This week our editors bring you the latest literary news from Poland, Hong Kong, and Serbia. In Poland, high-profile authors including Olga Tokarczuk have been vocally supporting women’s rights and an exciting, newly discovered Bruno Schulz story has been published; in Hong Kong, authors have spoken out against claims of a dearth of writing in Hong Kong to attest to its thriving literary scene, just as the Hong Kong International Literary Festival kicks off; and in Serbia, a new biography of Ivo Andrić, the only Yugoslav Nobel Prize winner for literature, has sparked debate. Read on to find out more!

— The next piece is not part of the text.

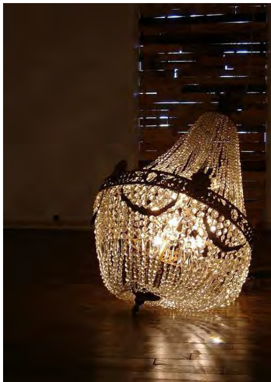
Exposition Licht / Klang, octobre 2010 Installation sonore : Lüster , Tilman Küntzel , lustre à pendeloques, starters, micros contact, amplis, 20 HP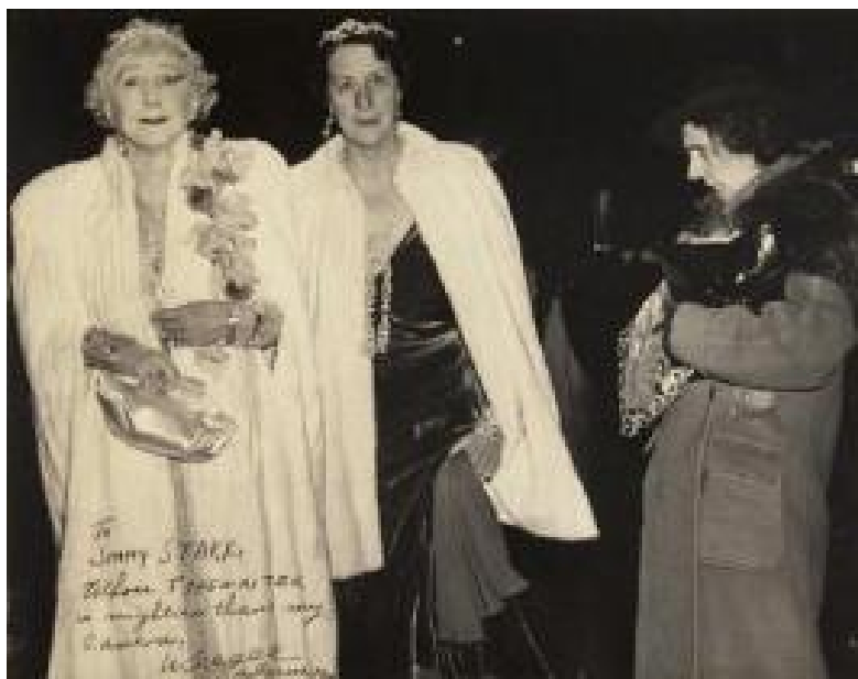
Figura 9: Detalhe de “A crítica” na revista Life

Julia Sherwood, Editor-at-Large, reporting from Poland
As if having to cope with two waves of the coronavirus pandemic was not enough, Poland has been swept by two major waves of social unrest. The summer months were dominated by protests against the rising tide of homophobia, which prompted an open letter from the world’s leading writers, directors, and actors, including Margaret Atwood, Pedro Almodóvar, and Olga Tokarczuk. And since October 22 people have been out on the streets in their thousands protesting against the decision to further tighten the country’s abortion law, already one of the most restrictive in the world. Members of the LGBT+ community and people from all walks of life, including miners and farmers on tractors, joined women in marches up and down the country. Olga Tokarczuk summed up the sentiment in a tweet:
“Let us not deceive ourselves—this system will cynically exploit every moment of crisis, war, and epidemic, to return women to the kitchen, the church, and the cradle. Women’s rights are not given once and for all. We have to safeguard them, like every other achievement broadening the range of civil rights and human dignity. As of today, all of us are women warriors.”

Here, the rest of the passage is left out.